===== TASK INPUT
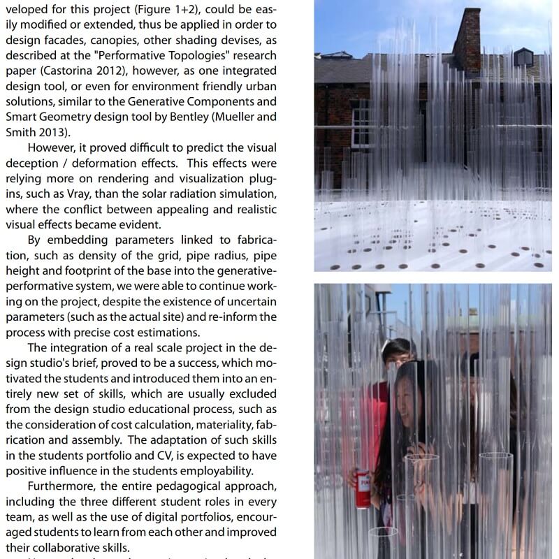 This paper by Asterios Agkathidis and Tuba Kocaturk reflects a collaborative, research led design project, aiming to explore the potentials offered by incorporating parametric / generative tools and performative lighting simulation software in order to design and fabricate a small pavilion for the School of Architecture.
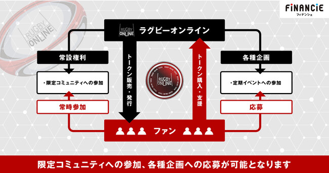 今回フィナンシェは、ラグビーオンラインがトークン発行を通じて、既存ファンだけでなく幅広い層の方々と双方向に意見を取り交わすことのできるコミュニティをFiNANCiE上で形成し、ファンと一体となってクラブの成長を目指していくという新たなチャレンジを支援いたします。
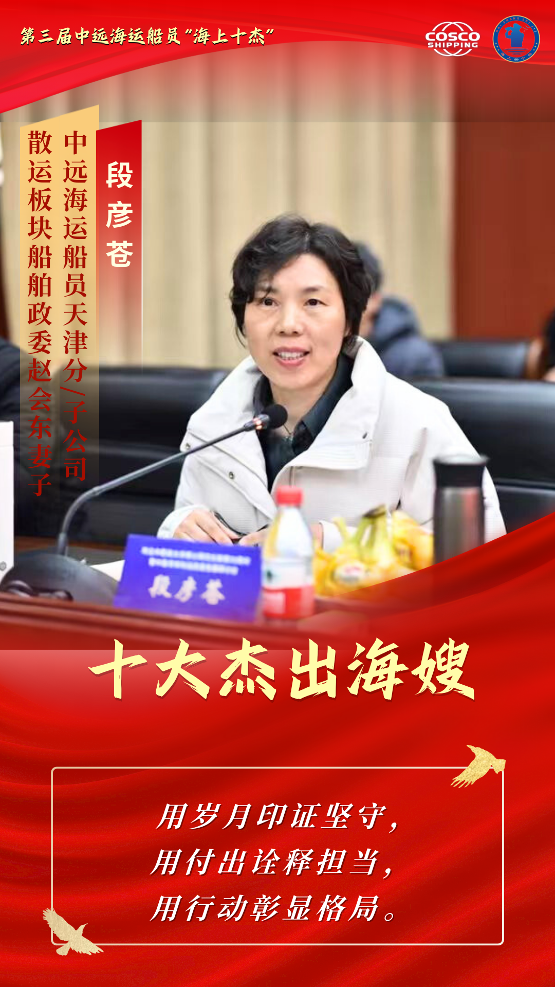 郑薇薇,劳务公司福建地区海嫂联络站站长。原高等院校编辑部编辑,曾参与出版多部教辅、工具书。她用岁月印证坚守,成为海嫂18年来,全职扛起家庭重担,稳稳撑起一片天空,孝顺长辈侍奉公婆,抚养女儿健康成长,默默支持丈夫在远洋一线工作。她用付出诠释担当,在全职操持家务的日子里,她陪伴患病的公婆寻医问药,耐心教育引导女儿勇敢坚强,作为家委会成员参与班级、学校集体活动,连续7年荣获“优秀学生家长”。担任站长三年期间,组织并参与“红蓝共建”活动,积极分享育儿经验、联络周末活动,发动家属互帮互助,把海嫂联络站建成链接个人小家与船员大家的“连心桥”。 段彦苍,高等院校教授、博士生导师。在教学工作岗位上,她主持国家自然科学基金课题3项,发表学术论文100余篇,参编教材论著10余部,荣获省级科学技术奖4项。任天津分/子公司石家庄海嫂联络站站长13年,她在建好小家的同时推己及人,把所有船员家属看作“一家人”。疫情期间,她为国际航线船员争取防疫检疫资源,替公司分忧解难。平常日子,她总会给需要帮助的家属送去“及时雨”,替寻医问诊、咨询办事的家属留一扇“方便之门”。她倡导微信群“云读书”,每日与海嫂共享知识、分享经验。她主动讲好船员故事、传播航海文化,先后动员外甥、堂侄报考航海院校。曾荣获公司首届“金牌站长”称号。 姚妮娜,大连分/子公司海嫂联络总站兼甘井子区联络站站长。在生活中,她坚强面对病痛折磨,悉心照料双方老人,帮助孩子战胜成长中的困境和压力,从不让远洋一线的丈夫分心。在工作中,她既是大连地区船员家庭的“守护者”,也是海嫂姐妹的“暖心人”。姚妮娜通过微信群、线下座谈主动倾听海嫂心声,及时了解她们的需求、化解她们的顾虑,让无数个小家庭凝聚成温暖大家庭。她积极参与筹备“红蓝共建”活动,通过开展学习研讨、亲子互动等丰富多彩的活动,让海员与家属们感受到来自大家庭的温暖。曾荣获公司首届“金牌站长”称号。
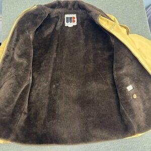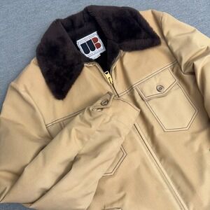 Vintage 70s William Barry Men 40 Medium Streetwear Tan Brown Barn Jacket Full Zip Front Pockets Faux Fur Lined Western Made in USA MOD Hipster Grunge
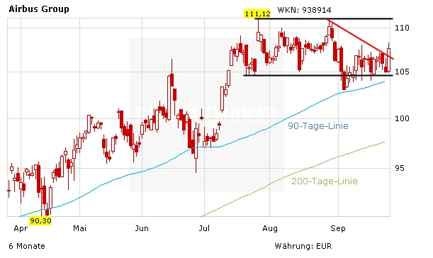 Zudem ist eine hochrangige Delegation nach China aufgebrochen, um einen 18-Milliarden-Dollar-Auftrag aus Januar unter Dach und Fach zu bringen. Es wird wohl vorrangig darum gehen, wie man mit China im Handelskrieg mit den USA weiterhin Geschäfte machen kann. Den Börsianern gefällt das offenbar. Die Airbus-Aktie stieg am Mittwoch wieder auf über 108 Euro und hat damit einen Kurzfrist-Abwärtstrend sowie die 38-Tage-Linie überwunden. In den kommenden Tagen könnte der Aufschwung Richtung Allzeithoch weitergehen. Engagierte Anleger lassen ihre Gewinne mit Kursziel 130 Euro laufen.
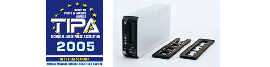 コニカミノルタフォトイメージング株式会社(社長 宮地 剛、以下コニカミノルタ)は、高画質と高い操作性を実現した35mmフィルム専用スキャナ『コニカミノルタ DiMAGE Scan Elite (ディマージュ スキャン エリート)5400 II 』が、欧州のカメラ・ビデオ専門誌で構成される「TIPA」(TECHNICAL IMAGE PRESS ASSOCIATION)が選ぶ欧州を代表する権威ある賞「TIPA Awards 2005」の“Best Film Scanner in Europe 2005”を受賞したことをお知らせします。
==========
===== TASK INPUT
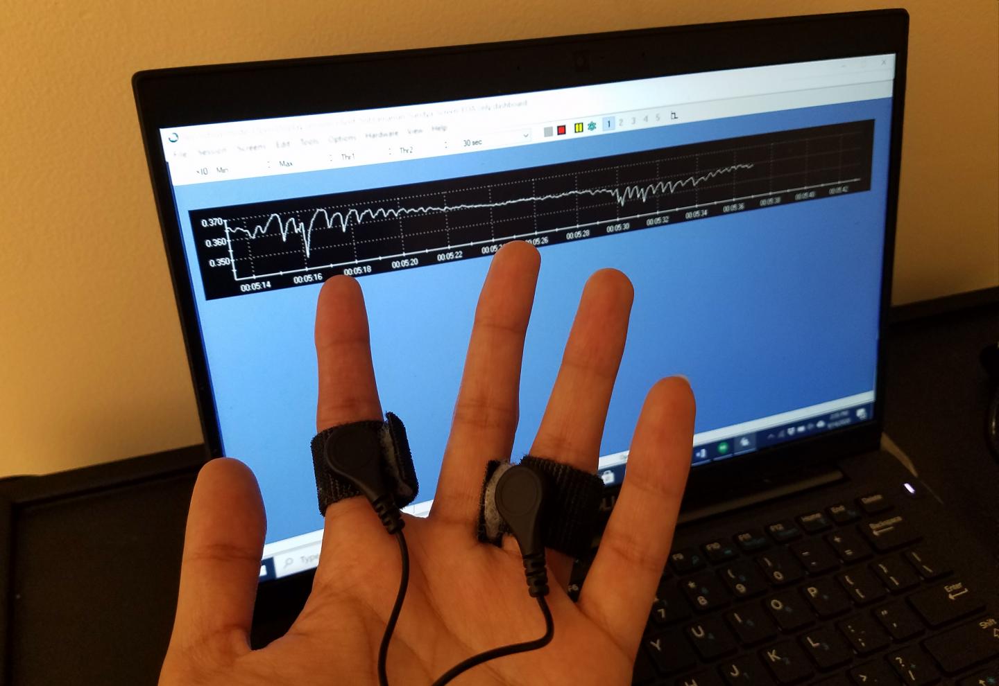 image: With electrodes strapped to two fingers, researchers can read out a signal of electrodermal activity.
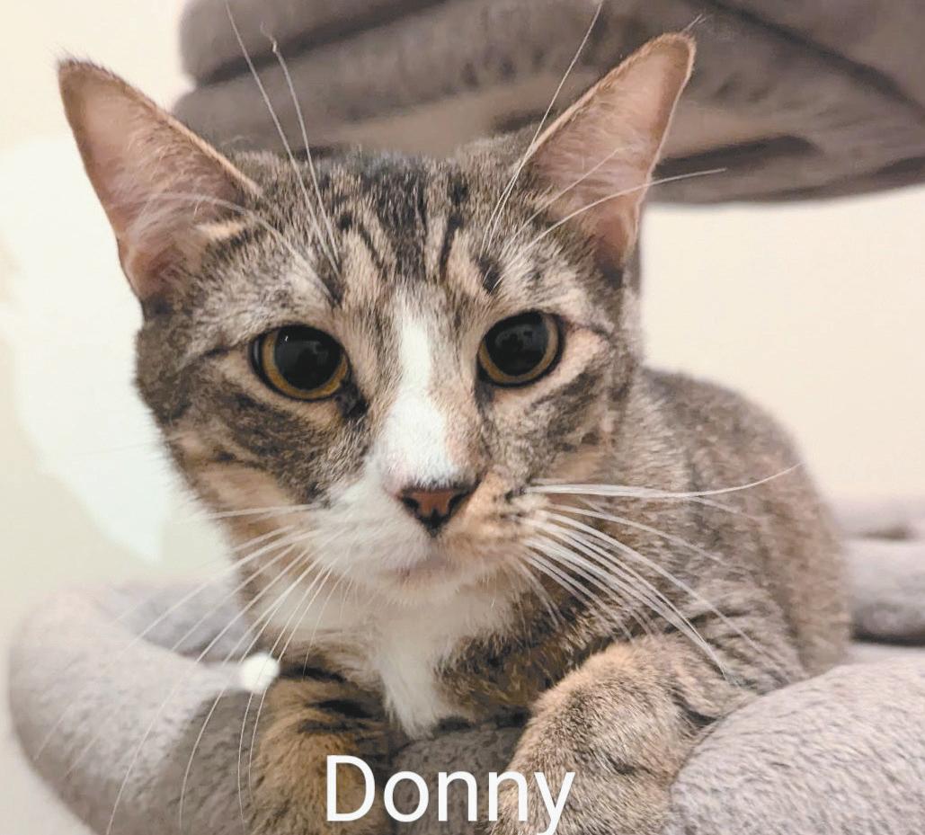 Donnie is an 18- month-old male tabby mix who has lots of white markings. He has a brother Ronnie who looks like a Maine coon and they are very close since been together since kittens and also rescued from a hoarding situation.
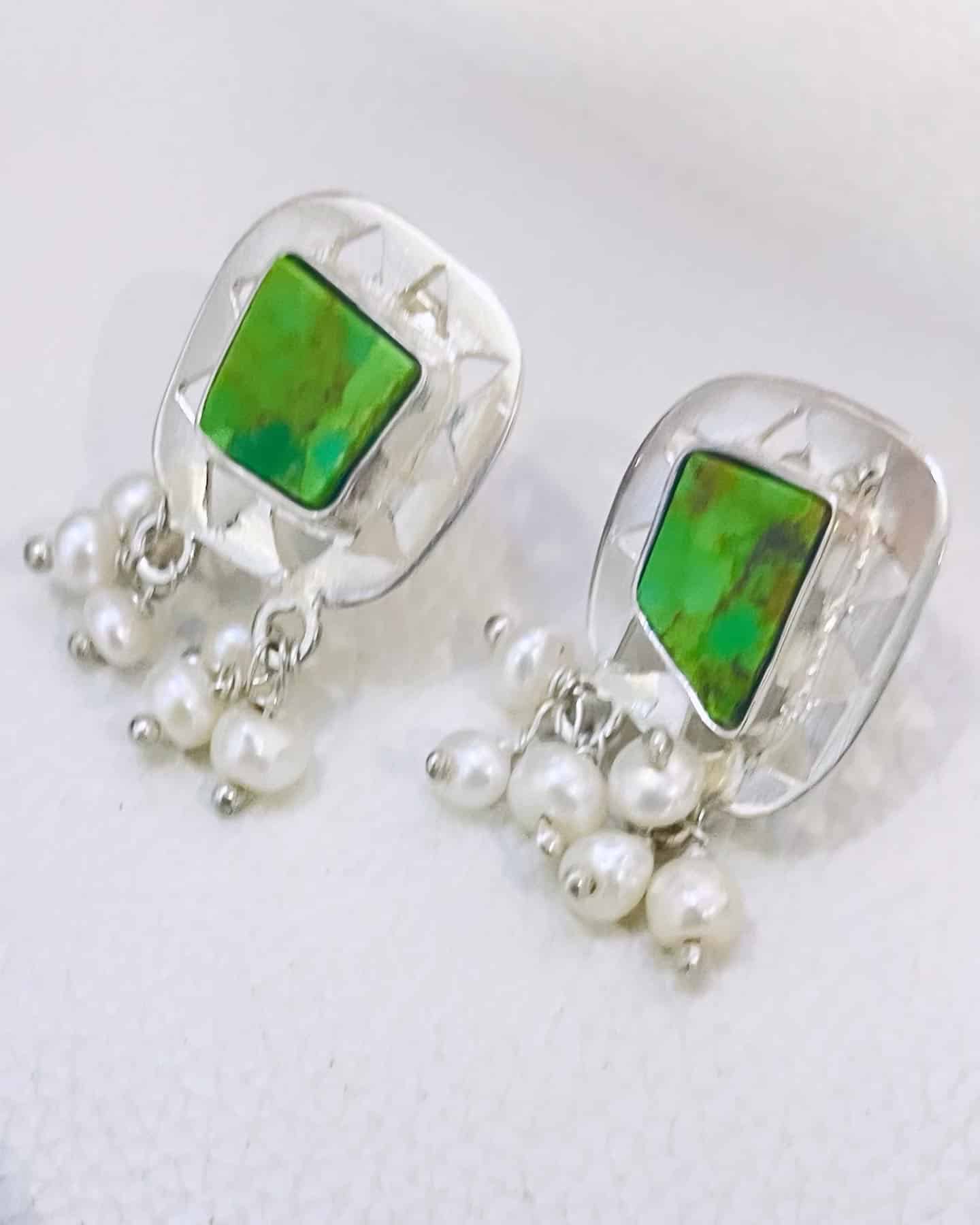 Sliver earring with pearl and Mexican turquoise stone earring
==========
===== TASK INPUT
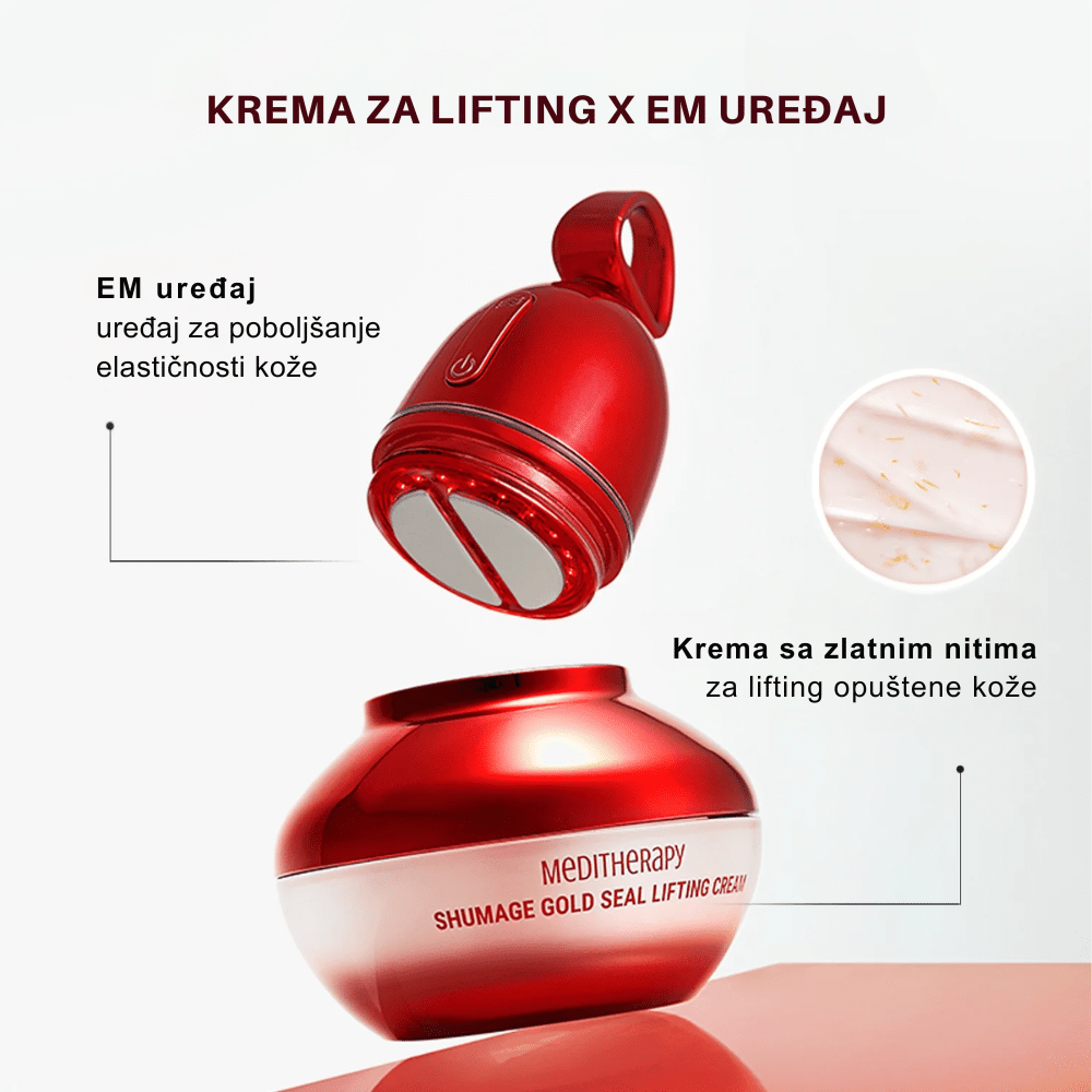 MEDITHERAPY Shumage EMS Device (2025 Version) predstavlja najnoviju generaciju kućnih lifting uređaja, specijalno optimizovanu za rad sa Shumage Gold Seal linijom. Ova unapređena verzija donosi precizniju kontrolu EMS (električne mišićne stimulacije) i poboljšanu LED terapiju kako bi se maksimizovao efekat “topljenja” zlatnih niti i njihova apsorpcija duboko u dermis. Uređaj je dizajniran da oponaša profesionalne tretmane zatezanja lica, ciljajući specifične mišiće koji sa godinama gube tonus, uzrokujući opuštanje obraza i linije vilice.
==========
• [WORK TO BE COMPLETED] The lines above from the line with "Donnie is an" through the line with "Sliver earring with" are to be given again word for word, with no pictures among them.

• [OUTPUT]
 Donnie is an 18- month-old male tabby mix who has lots of white markings. He has a brother Ronnie who looks like a Maine coon and they are very close since been together since kittens and also rescued from a hoarding situation.
 Sliver earring with pearl and Mexican turquoise stone earring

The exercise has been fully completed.